Reconfigurable arrays: a logical design solution
Andy Wilson Editor
Reconfigurable image processing is a novel technology that`s becoming increasingly important in high-speed vision systems design. In essence, the concept is straightforward. Image-processing operations such as edge detection, morphological analysis, polynomial warping, and Fourier analysis, all involve computing repetitive multiply/accumulate operations. That`s why many image-processing systems use digital signal processors (DSPs) whose architectures are optimized to perform such operations.
Unfortunately, because such DSPs have only a few levels of pipelining, they can only perform so many multiply/accumulate operations before data have to be further processed. A better solution, proposed by several imaging vendors, is a pipeline where specific functions can be added to a data-flow architecture.
Proponents of this more elegant solution include Imaging Technology (Bedford, MA) and Datacube (Danvers, MA), whose products can be used for high-speed image processing. But adding hardwired application-specific modules to this image-processing pipeline can be expensive: each new task--warping, edge detection--requires a new module.
A better solution is to use reconfigurable field-programmable gate arrays (FPGAs) instead of image-processing modules. Intensive computing tasks could be downloaded to FPGAs and run as hardware tasks, increasing throughput and eliminating application- specific tasks.
To implement such systems requires knowledge of the underlying mathematics of the image-processing operation and the means to translate this into hardware. Because this is a complicated software engineering task, many FPGAs are being used to supplement DSPs in vision-systems design.
At last month`s DSP World in Boston, the Xilinx (San Jose, CA) booth was filled with customers who are adopting this approach. While many of Xilinx`s customers have engineered application-specific solutions for graphics, video, and audio, Giga Operations (Berkeley, CA) and Annapolis Micro Systems (Annapolis, MD) showed how Xilinx`s FPGAs can be used for real-time template matching, morphological operations, and various filtering operations. In the PCI and VME boards demonstrated, different operators can be combined to perform more complex imaging tasks than could be implemented in hardware.
Making a choice
Despite this most impressive demonstration, the choice of whether or not to use a reconfigurable processing element in your system may be moot. Some electron microscopy systems that use dumb frame grabbers coupled to PCs do not require real-time performance. Web-inspection systems still require the speed and performance of dedicated gate-array or ASIC-based hardware. And network bandwidth will still remain the limiting factor in medical-imaging-systems design.

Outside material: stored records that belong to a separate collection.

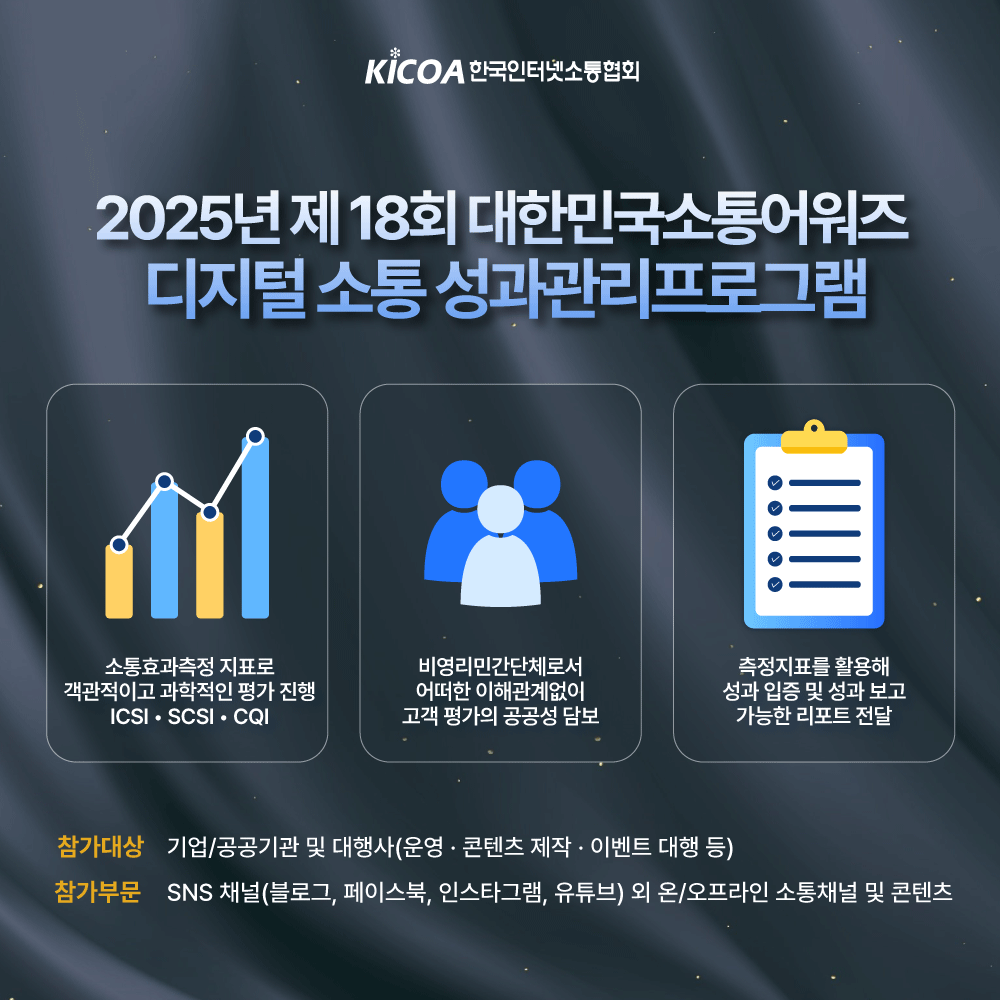 제18회 대한민국소통어워즈는 디지털 소통 성과관리프로그램으로 진행됩니다
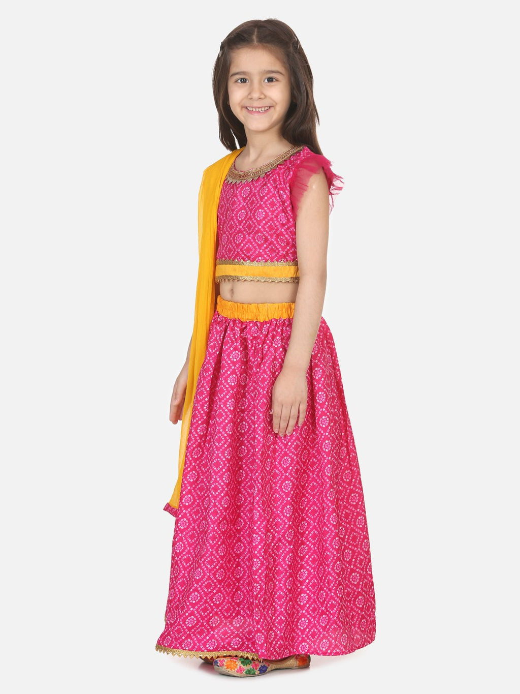 Bandhani Net pleated Sleeves Lehenga- Pink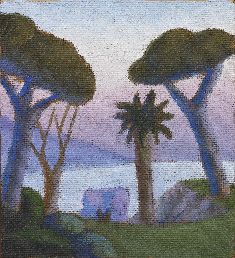 Salvo, Leonforte (En) 1947 - Torino 2015, Senza titolo, 1986, Olio su faesite, cm. 22,3x20,2, Firma e data al verso: Salvo 86., Certificato su foto Archivio Salvo, Torino, 10 marzo 2017, con n. S1986-6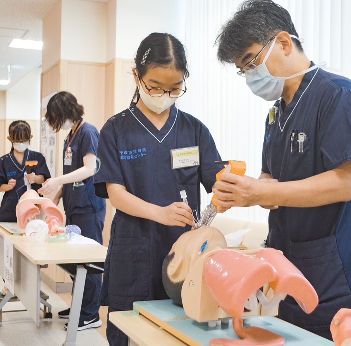 夏休みの小学生向け仕事体験「救命救急センター24時」が7月27日、平塚市民病院(南原/中川基人病院長)で初めて開催され、親子連れ約40人が参加した。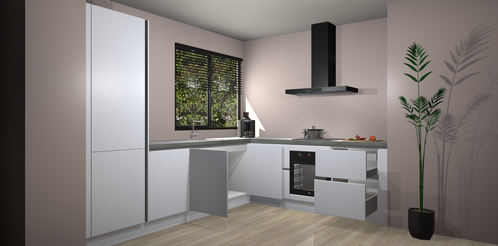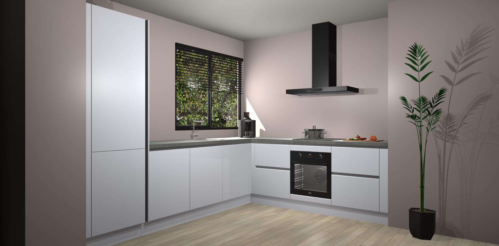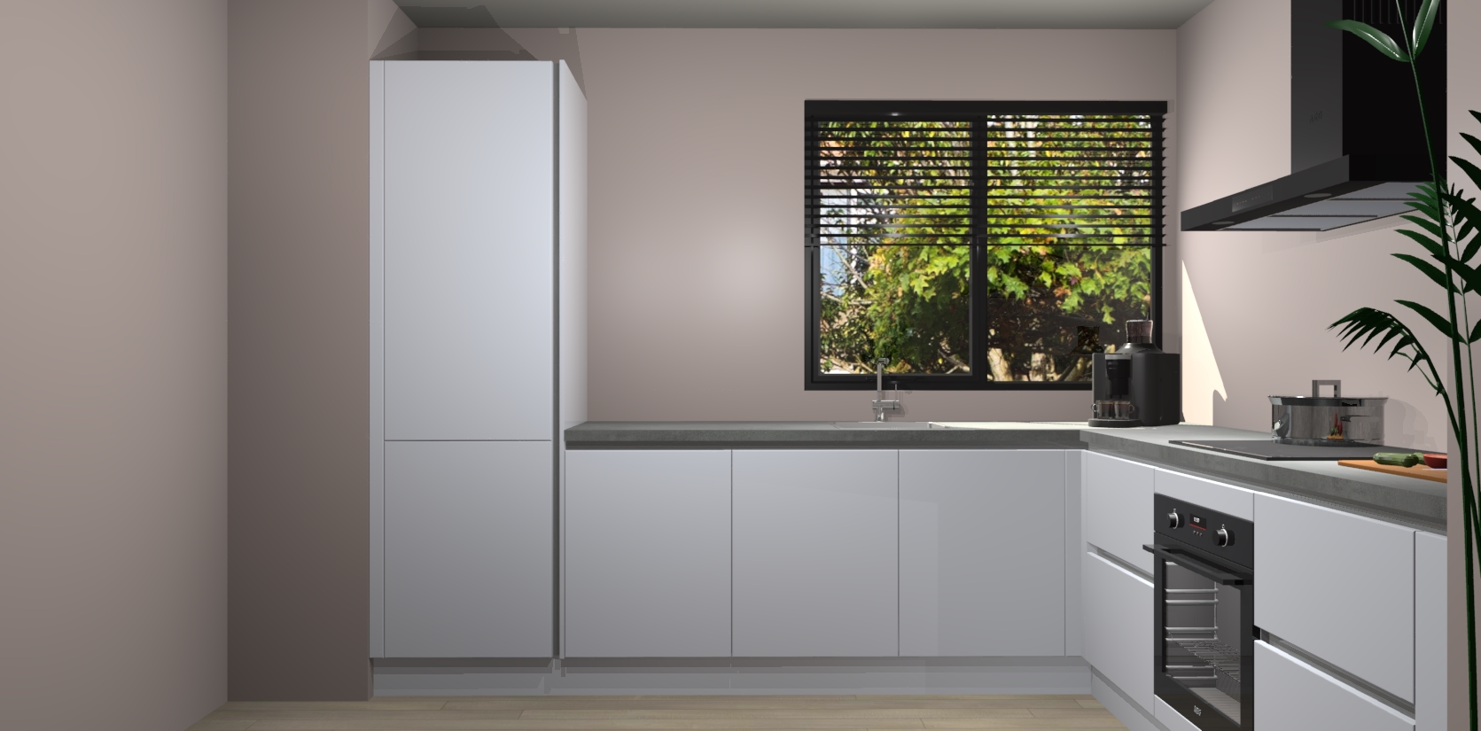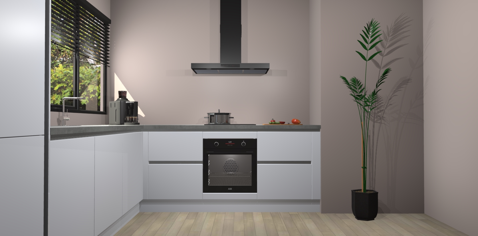 Met een modern, tijdloos design en ruime opslagruimte, zult u zich in no-time thuis voelen in uw nieuwe keuken. Uw leven wordt eenvoudiger met de soft-close deuren die voor het ultieme stille comfort zorgen - geen geluid dat u stoort terwijl u kookt. Ook is de keuken voorzien van 5 ingebouwde apparaten: een oven, inductie kookplaat, afzuigkap, vaatwasser en koelkast. Deze kunnen gemakkelijk na bestelling worden bijgewerkt naar AEG - waardoor uw luxe ervaring compleet is.

But with FPGAs becoming faster and cheaper, and with vendors such as Xilinx and Altera keen to see them in image-processing systems, it probably won`t be long before OEM suppliers are offering the option of reconfigurable image-processing elements. When this occurs, single add-in boards will be able to be used for any image-processing function. But a lot of work still needs to be done. Low-level image-processing algorithms have yet to be ported to run on these devices, let alone high-level user-friendly Windows-based packages. So, if you are thinking of implementing your next OEM imaging board in FPGAs, you may want to wait until the user-friendly software is there to support you.